Filmmakers 'Fed Up' with sugar
Food manufacturers are responsible for fuelling a sugar dependency in America that is creating an obesity epidemic, and it's spreading around the world, the makers of the new documentary "Fed Up'' charge.
Director Stephanie Soecthig teamed with narrator and journalist Katie Couric to create the hard-hitting look at why millions of American children are growing up obese despite media attention and government guidelines. The principal culprit is sugar, they say, which is added to many products, including ketchup, pasta sauce, salad dressing, breakfast cereals, juice and energy drinks, baked goods, yogurt and even baby formula.
Laurie David, who won an Oscar for producing "An Inconvenient Truth,'' Indigo CEO Heather Reisman and Regina Scully (``Miss.Representation'') are executive producers of ``
"Katie Couric has been following the issue of diet, exercise and obesity for 30 years in different ways and notwithstanding all the news of this over so many years in fact Americans were getting fatter and she thought it would be interesting to excavate this problem and really understand what is going on,'' said Reisman ahead of a screening at Toronto's recent Hot Docs Festival.
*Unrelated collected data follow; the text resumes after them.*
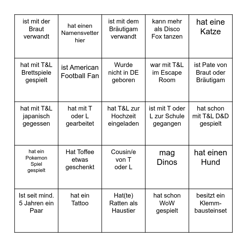 This bingo card has 25 words: Hat Toffee etwas geschenkt, Hat(te) Ratten als Haustier, Wurde nicht in DE geboren, Ist seit mind. 5 Jahren ein Paar, hat eine Katze, ist mit der Braut verwandt, hat mit T&L Brettspiele gespielt, hat einen Namensvetter hier, ist mit T oder L zur Schule gegangen, Cousin/e von T oder L, war mit T&L im Escape Room, hat mit T&L japanisch gegessen, mag Dinos, hat einen Hund, ist American Football Fan, besitzt ein Klemm-bausteinset, hat schon mit T&L D&D gespielt, ist mit dem Bräutigam verwandt, ist Pate von Braut oder Bräutigam, hat mit T oder L gearbeitet, hat T&L zur Hochzeit eingeladen, hat ein Tattoo, hat ein Pokemon Spiel gespielt, kann mehr als Disco Fox tanzen and hat schon WoW gespielt.
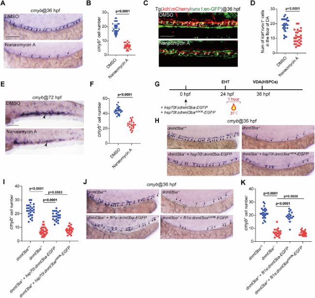 使用DNMT3B抑制劑Nanaomycin A處理胚胎或構(gòu)建甲基轉(zhuǎn)移酶結(jié)構(gòu)域缺失突變體(dnmt3baΔDCM),均導(dǎo)致HSPC標(biāo)志物cmyb表達(dá)下降(圖2)。挽救實(shí)驗(yàn)中,僅全長(zhǎng)Dnmt3ba可恢復(fù)突變體表型,證明其功能依賴甲基化活性。內(nèi)皮特異性挽救部分恢復(fù)HSPC生成,表明Dnmt3ba在ECs中自主發(fā)揮作用。這些發(fā)現(xiàn)共同確立了Dnmt3ba通過(guò)其催化活性調(diào)控HSPC發(fā)育的分子基礎(chǔ),為后續(xù)探索其下游靶基因提供了因果鏈。
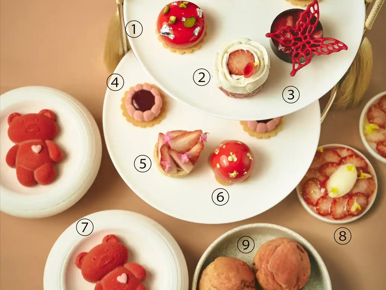 イチゴ本来の甘みが堪能できる「フレッシュストロベリーパイ」、深紅の蝶とチョコレートのコントラストが美しい「チョコレート・ベリータルト」、ローズゼリーとイチゴが奏でる繊細なハーモニーの「イスパハン」など、見た目も味わいも華やかなスイーツが並びます。 |
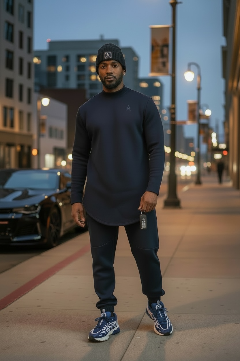 Crafted from luxurious cotton fabric, this set offers a soft yet substantial feel—breathable, structured, and built for daily wear throughout Ramadan and beyond. Textured vegan leather trim pockets on both the top and joggers introduce a subtle contrast, adding depth and distinction without excess.
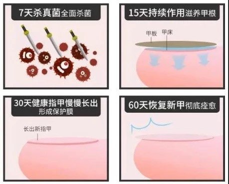 坚持每日涂抹可达到zui佳效果,直到指甲愈合。治疗持续时间取决于指甲感染的严重程度。
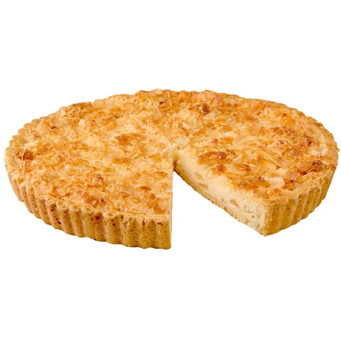 Богатый по вкусу торт с французским акцентом: на песочном корже обилие сырной начинки и грушевых долек, щедро декорированных хрустящими миндальными лепестками.
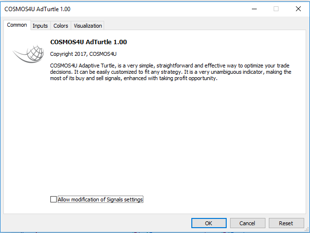 The COSMOS4U AdTurtle indicator is highly customizable, allowing you first of all to set the periods of new position lines as well as the dividers of those periods for the exit position lines. You can also customize the color and style of each individual line drawn on your diagrams.
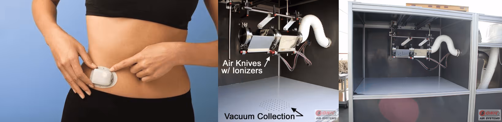 A major medical device maker was developing a wearable insulin pump and required a Class 100-rated air blow-off system to enhance the cleanliness of some intricate components prior to the pump assembly process. The requirement was to "air wash" their components of any dust or contaminants.

Soecthig followed several families for more than two years and includes some heart-wrenching footage in which obese children document their uphill battle with the bulge.
``We found them in various places, in church groups, through schools, doctor's offices,'' Soecthig said. ``At one point we're following 10 different families. We give them video cameras and ask them to document their daily life. We got really lucky because we had some amazing children that really personified the underlying problems, the marketing and the policy issues.''
The filmmakers challenge people to forgo sugar for 10 days. That includes foods with added sugars and liquid sugars, such as sodas, bottled teas, fruit juices and sports drinks, as well as artificial sugars and sugar substitutes. Artificial sweeteners slow metabolism and make you crave and eat more food.
"I've already done it because I wanted to see what it was going to be like,'' David said. ``I could not believe how I felt. It curbed my appetite. I wasn't craving food all day long. And I had more energy and I felt cleaner. It was an amazing difference. And I don't eat that much sugar.''
The film opens in Calgary, Edmonton and Ottawa on May 16, and in Halifax, Victoria and Winnipeg on May 23.